There’s also the spin on it that DD is more eco-friendly. It doesn’t require plastic boxes or to be shipped anywhere. In a crazy world where the government actually cared about gaming other than putting sometimes crude age-restrictions on games, would they think about offering tax-reliefs, help or just a pat on the back for releasing a game as DD, from the eco point of view? The whole thing can also be friendly to small companies with lower budgets, still being able to release their titles which helps in this crazy economy-tight times.
Gameshops a
re being refered to as ‘brick and mortar’ stores due to the above mentioned boxes, and some people think it will eventually go out of business. Indications are already there that it’s slowly happening. A big chunk of the recent layoffs from EA for example was apparently people handling distribution sides and contacts with major stores and so forth. Companies are already catching on to this trend, which also ties in with another ‘new’ trend called DLC (which I will talk about in the next part), and who can blame them?

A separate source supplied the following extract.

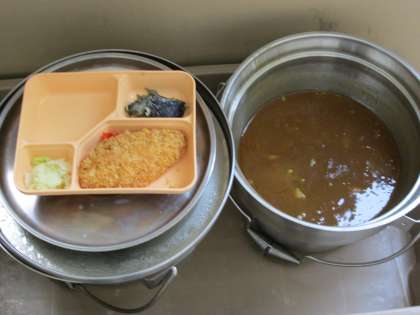 今回はカツカレーかと思いきや、白身魚フライカレーでした。

Going back to the collector-part of all of this, we can once again look at Steam. They have a simple neat list of the current games (and related achievements) easy accessible to everyone. Again the holy might of the Internet has changed how we interact as gamers, even the slightly silly ones like me. Is DD ultimately a good thing? I’d like to think so. If nothing else because I live in a shoebox they’ve mistakenly labeled as apartment.

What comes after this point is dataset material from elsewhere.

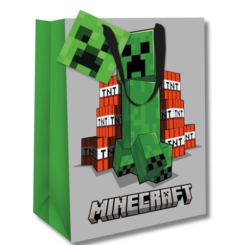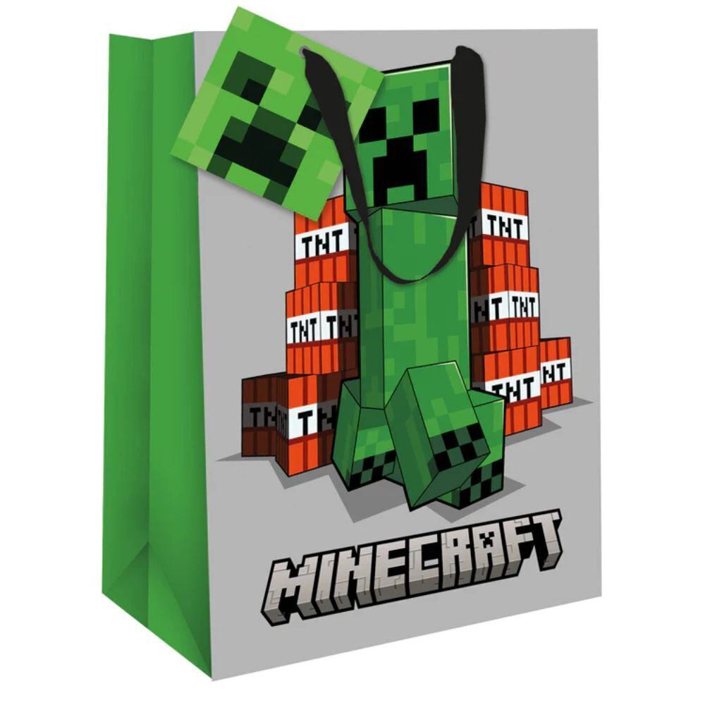 Danilo Promotions Limited Minecraft Boys Gift Bag, Perfect for Birthday Boys of Any Age, Minecraft Gift Bag, Officially Licenced and Responsibly Resourced, Size 33 x 26 x 13.5 cm, Multi-Coloured

Check back next wee…uhm…time (I will try to be a bit more consistent, honest!) this is updated for part 2 of We’re going digital baby! that’ll be all about DLC.
I’m aware that I’m playing up Steam’s importance in all of this but…have you seen their holiday sales?! If you haven’t, don’t. It’s a trap.
Apologies if the formatting is wonky as fuck in this, as it’s written from a netbook. I would here attach a picture of what a wonky fuck is, but apparently it’s all Paris Hilton, so I’ll save you the pain.